Gigaton Potential
Three-quarters of our CO2eq emissions in 2016, 36 billion tons, came from energy generation. The good news is that we have pathways to electrify all but the hardest-to-abate sectors that use this energy. The bad news is that today only 32% of power is generated by renewables (incl. hydro, geothermal, and biomass). The technology needed to decarbonize the last ~50% is still in the demonstration or prototype phase. Terrestrial solar cannot close the gap alone; its seasonality and dependence on daylight mean you have to dramatically overbuild farms, sacrifice huge amounts of land, and rely on short- and long-duration energy storage.
Space-based solar power (SBSP) potentially offers a highly effective solution. By placing solar panels in space where the sun shines all the time and then beaming the energy to Earth, solar power is converted into a firm, dispatchable, and baseload-ready energy source. A lifecycle assessment shows that solar power only uses 40 g CO2eq/kWh compared to coal at 1,000 g CO2eq/kWh. Space solar has even lower1 emissions than terrestrial solar because of its higher productivity, making it a tangible option to decarbonize the rest of energy production.
What You Should Know
Sounds a bit like science fiction so far? Well, that’s because it is! Space-based solar power was first mentioned by Isaac Asimov in his 1941 short story titled “Reason”, portraying a space station that captures the sun’s energy and transmits it wirelessly to various planets. The basic premise has remained the same: solar panels are placed in space structures orbiting the Earth and wirelessly transmit energy back.
Proposals for wireless power transfer over long distances typically revolve around using microwaves from phased array antennas or concentrated light from lasers. Microwave power beaming from space is essentially done today; it’s how telecommunication satellites (e.g., Starlink) send signals to and from Earth. SBSP requires scaling up the low power levels used for communication to those meaningful for power transfer. Some SBSP proposals operate in the 2.45 GHz frequency spectrum, similar to your microwave oven or WiFi network, while others go up to 10 GHz or higher.
Benefits of space-based solar power compared to traditional terrestrial solar
Increased capacity factor: Solar farms only generate 20-30% of their peak power in a day, as most generation takes place around midday. Generation is also highest during the summer2. However, early evenings and winters are often when we need energy the most. To overcome the day/night cycle and seasonality, solar farms are often overbuilt to generate the average required most of the year, which leads to waste when we generate excess energy. Meanwhile, solar panels in space see the sun all the time and are not impacted by the Earth’s seasons. This dramatically increases the utilization of solar panels that, on Earth, would have sat idle for most of the day.

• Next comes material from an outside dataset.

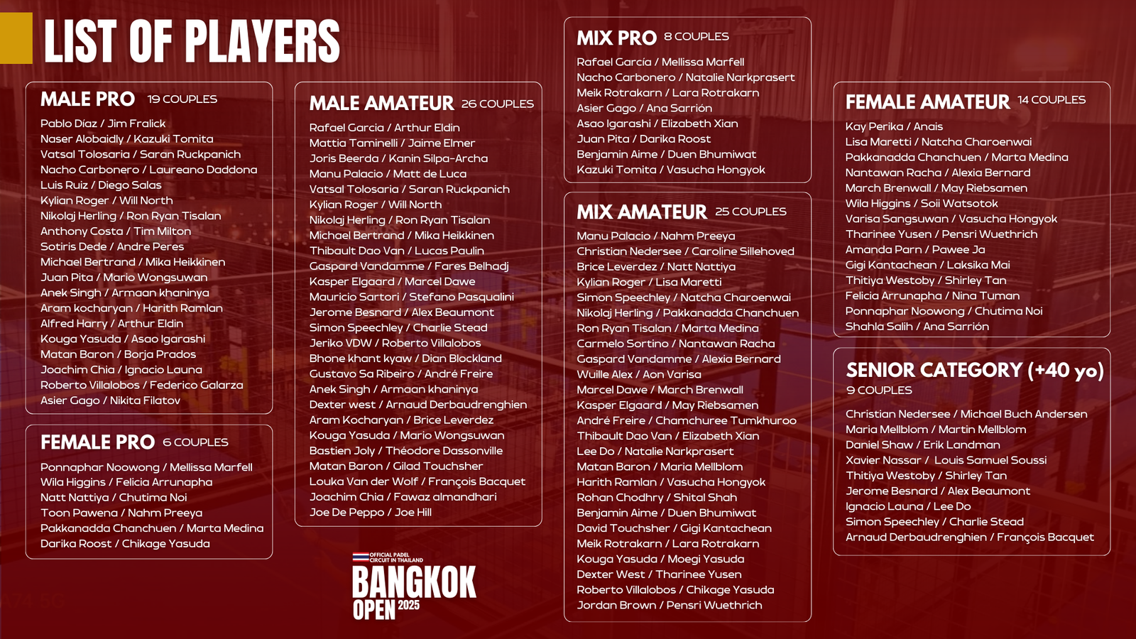 Are you looking for a unique platform to highlight your brand? We invite you to explore an unprecedented partnership opportunity on our prestigious padel circuit in Thailand. Contact us today and discover the potential of a partnership with our padel circuit, where passion and brand presence meet in Thai paradise.

Limited storage required: The current solution to provide baseload power with solar and overcome the limited capacity factor is to both overbuild solar farms by 4-5x to capture the necessary energy and deploy costly storage (e.g., lithium-ion batteries) to store this energy for when it’s needed. The sun’s near 100% availability in space makes this unnecessary.
Lower land footprint: Powering the world with terrestrial solar requires 0.3% of the Earth’s area or roughly the size of New Mexico. Depending on the technology of the SBSP ground receiver, this required area could be dramatically reduced.
Geographic redirectability: Solar farms, wind turbines, and nuclear fusion plants are geographically fixed in one place on Earth. Expensive and lossy transmission means they can only power nearby cities, states, and countries. Since energy demand varies during the day, this means that they are not always utilized, which increases the cost of energy. An SBSP plant in geostationary orbit can see a third of the Earth, and nearly instantly redirect energy to any visible point that has a ground receiver. This means that one SBSP plant can supply Spain, New York, and San Francisco’s peak power demand without relying on any transmission infrastructure, leading to significantly higher utilization and cheaper economics.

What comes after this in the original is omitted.